++++ Data ++++

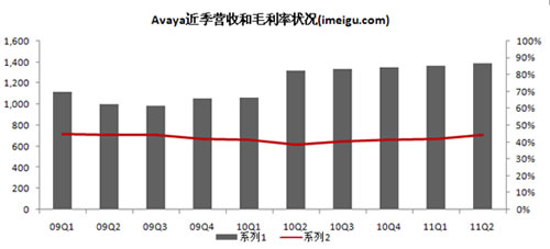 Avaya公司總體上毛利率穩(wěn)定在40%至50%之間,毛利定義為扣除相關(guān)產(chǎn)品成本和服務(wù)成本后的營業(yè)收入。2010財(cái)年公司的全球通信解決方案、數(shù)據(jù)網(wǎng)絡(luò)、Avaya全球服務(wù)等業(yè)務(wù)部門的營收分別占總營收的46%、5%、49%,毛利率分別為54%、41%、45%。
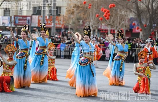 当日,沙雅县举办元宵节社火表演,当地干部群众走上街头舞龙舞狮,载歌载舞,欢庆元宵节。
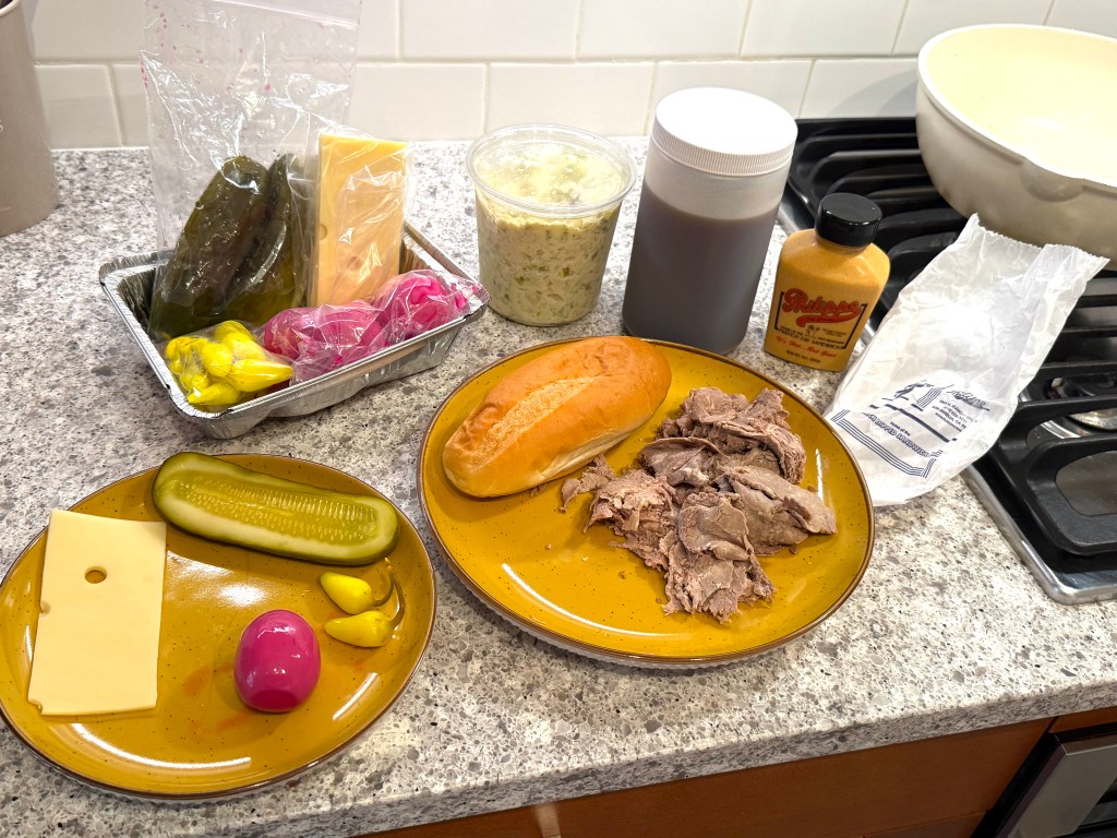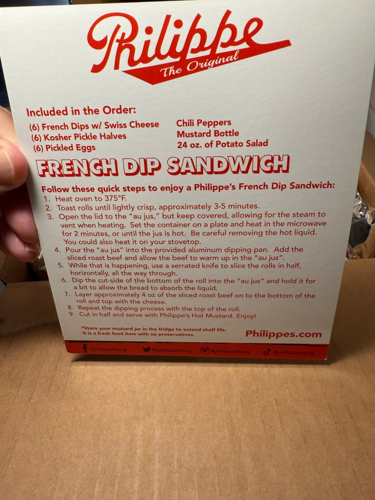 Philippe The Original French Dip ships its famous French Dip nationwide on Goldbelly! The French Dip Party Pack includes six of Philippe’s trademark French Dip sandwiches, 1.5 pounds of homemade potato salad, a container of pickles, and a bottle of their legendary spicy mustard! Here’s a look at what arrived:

++++

## Your goal
Output nothing but the lines from the one containing "当日,沙雅县举办元宵节社火表" to the end of the listing, both ends included, reproduced exactly. Pictures stay out.

## Result of this exercise
 当日,沙雅县举办元宵节社火表演,当地干部群众走上街头舞龙舞狮,载歌载舞,欢庆元宵节。
 Philippe The Original French Dip ships its famous French Dip nationwide on Goldbelly! The French Dip Party Pack includes six of Philippe’s trademark French Dip sandwiches, 1.5 pounds of homemade potato salad, a container of pickles, and a bottle of their legendary spicy mustard! Here’s a look at what arrived:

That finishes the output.